The resulting gene, composed of these three subdomains
flanked by unique sequences rich in Cys and found in
the vWF gene (see below), duplicated into the two ancestor genes of MUC5AC and MUC5B (Desseyn et al.
1998a). The primordial repeat of 87 bp of MUC5B duplicated several times to form a block composed of 11
irregular repeats of 87 bp, followed by a unique sequence rich in Ser and Thr coding for 111 aa. The ancestral super repeat (Cys/R/R-End subdomains) duplicated into two super repeats (fig. 3b). Then, the first six
repeats of the second block of 11 repeats duplicated (fig.

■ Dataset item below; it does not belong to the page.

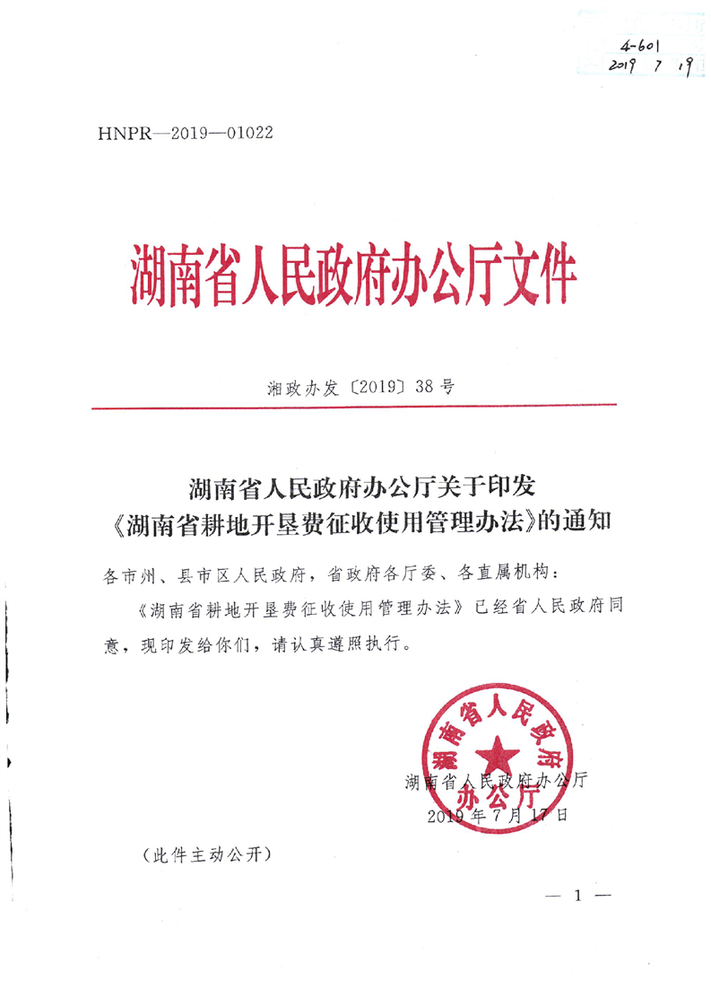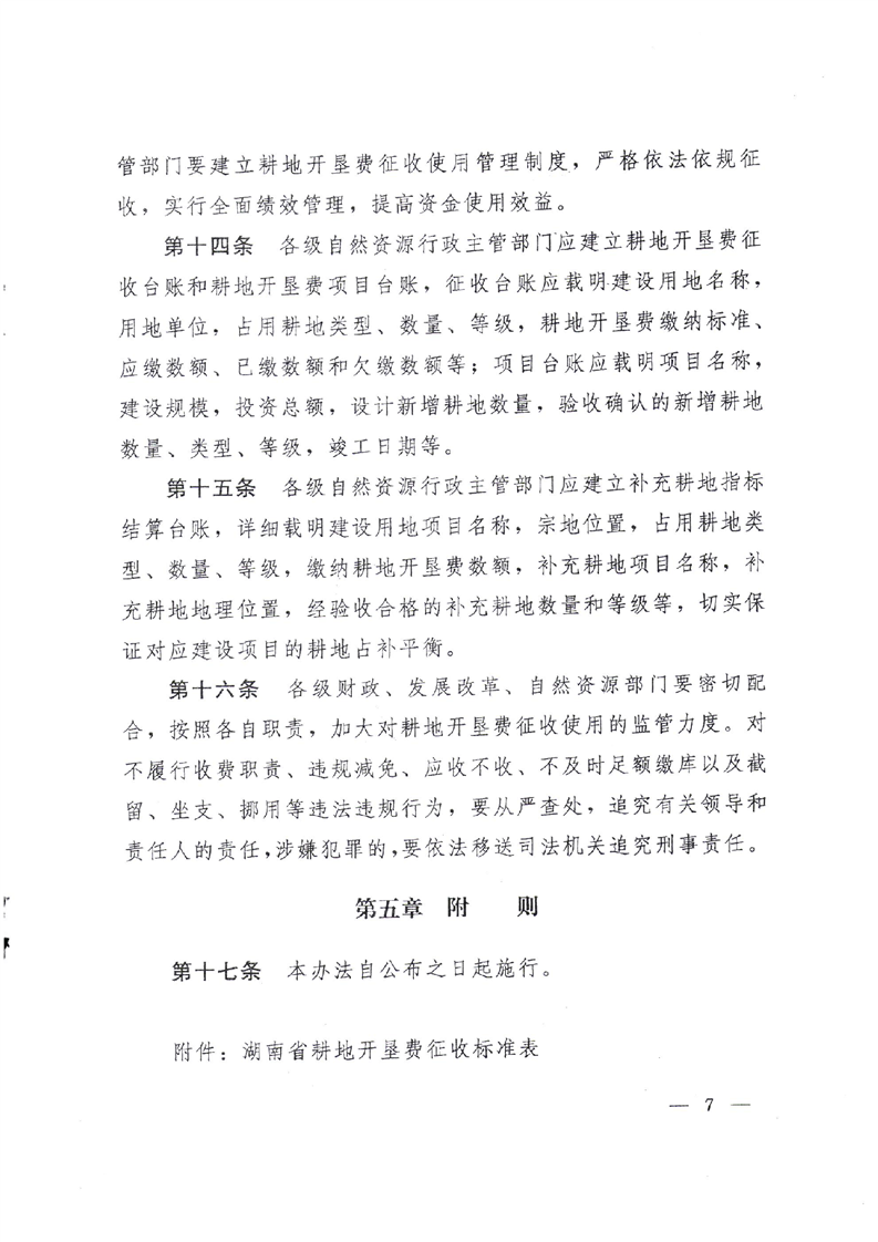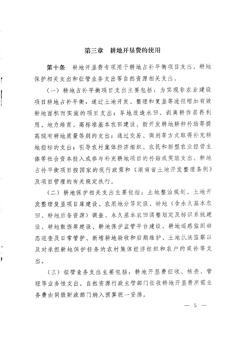 湖南省人民政府办公厅关于印发《湖南省耕地开垦费征收使用管理办法》的通知

3c). This event was followed by a further duplication en
bloc of a region composed of the third Cys-subdomain,
the block of 11 repeats, the R-End subdomain, the last
Cys-subdomain, and the block of 17 repeats of 29 aa
(fig. 3d). Finally, the block composed of the first 11
repeats of 87 bp, the following R-End subdomain, and
the Cys-subdomain duplicated en bloc (fig. 3e). The five
repeats RV-3–RV-7 duplicated into the two blocks RV3–RV-7 and RV-18–RV-23 (fig. 3f). A sequence encoding the pentapeptide TTTPT of RV-14 duplicated (fig.
3g).
Relationships Among Cystine Knot (CK) Motifs and
Pattern of Mucin Gene Evolution
Since our previous model of evolution of the three
human mucin genes MUC2, MUC5AC, and MUC5B
(Desseyn et al. 1998a), several new mucin cDNAs encoding a CK motif have been analyzed. Sequences coding the carboxy-terminal peptide between the 10 last
conserved cysteine residues of the CK motif of MUC5B
(Desseyn et al. 1997a), MUC2 (Gum et al. 1992),
MUC6 (Toribara et al. 1997), MUC5AC (Buisine et al.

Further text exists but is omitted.